Matsumoto T, Himeno K, Mitani M, Mori K, Miake S, Nomoto K
J Clin Lab Immunol. 1986 Feb;19(2):83-9.
The growth of Meth A (MA) tumors was suppressed in tumor-antigen-specific manner in BALB/c mice immunized with mitomycin C-treated MA (MMC-MA) cells in saline or in Freund's complete adjuvant (FCA). The antitumor activity of their peritoneal exudate cells (PEC) was detected by in vivo neutralization test and in vitro cytostasis assay but not by in vitro cytolysis assay. Positive delayed footpad reaction was elicited by footpad injection of MMC-MA cells in such immunized mice, before or after the inoculation of viable MA cells. Expression of cytostatic activity in PEC required the interaction of non-adherent and adherent cells. Normal PEC could exert the cytostatic activity in the presence of a nonadherent population of immune PEC. These findings suggest that cytostatic macrophages are activated after the interaction between sensitized lymphocytes and tumor-specific antigens and that they play an important role in the principal effector mechanism in this syngeneic system. On the other hand, immunization with MMC-MA in FCA or viable MA cells also induced PEC the antitumor activity detected by in vivo neutralization test in allogeneic C57BL/6 hosts. Immunization with viable MA cells induced not only cytolytic but also cytostatic activity, whereas, immunization with MMC-MA in FCA induced cytostatic activity but not cytolytic activity. In contrast to a syngeneic system, cytolytic activity was effectively induced against allogeneic MA cells together with cytostatic activity. We conclude that there are various effector cells contributing to the elimination of syngeneic or allogeneic murine tumor cells.

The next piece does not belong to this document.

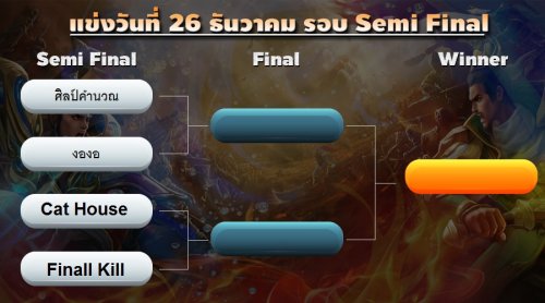4ทีมทั้งหมดได้แก่ ทีม ศิลป์คำนวณ จากร้าน บอยเน็ต , ทีมงอง จากร้าน Login 2 , ทีม Cat House จากร้าน Pure Speed และ ทีม Final★Kill , ร้าน Counternet ซึ่งทั้ง 4 ทีมจะแข่งขันกันในวันที่ 26 ธ.ค. หรือพรุ่งนี้นั้นเอง ติดตามการแข่งขันได้เลย !!

在以生理盐水或弗氏完全佐剂(FCA)中经丝裂霉素C处理的甲基胆蒽(MA)细胞免疫的BALB/c小鼠中,MA肿瘤的生长以肿瘤抗原特异性方式受到抑制。通过体内中和试验和体外细胞生长抑制试验检测了其腹腔渗出细胞(PEC)的抗肿瘤活性,但未通过体外细胞溶解试验检测。在接种活的MA细胞之前或之后,通过足垫注射MMC-MA细胞在这种免疫小鼠中引发了阳性迟发型足垫反应。PEC中细胞生长抑制活性的表达需要非贴壁细胞和贴壁细胞的相互作用。正常PEC在存在免疫PEC的非贴壁群体时可发挥细胞生长抑制活性。这些发现表明,细胞生长抑制性巨噬细胞在致敏淋巴细胞与肿瘤特异性抗原相互作用后被激活,并且它们在该同基因系统的主要效应机制中起重要作用。另一方面,用FCA中的MMC-MA或活的MA细胞免疫也在同种异体C57BL/6宿主中诱导了通过体内中和试验检测到的PEC的抗肿瘤活性。用活的MA细胞免疫不仅诱导了细胞溶解活性,还诱导了细胞生长抑制活性,而用FCA中的MMC-MA免疫诱导了细胞生长抑制活性但未诱导细胞溶解活性。与同基因系统相反,针对同种异体MA细胞有效地诱导了细胞溶解活性以及细胞生长抑制活性。我们得出结论,有多种效应细胞有助于消除同基因或同种异体小鼠肿瘤细胞。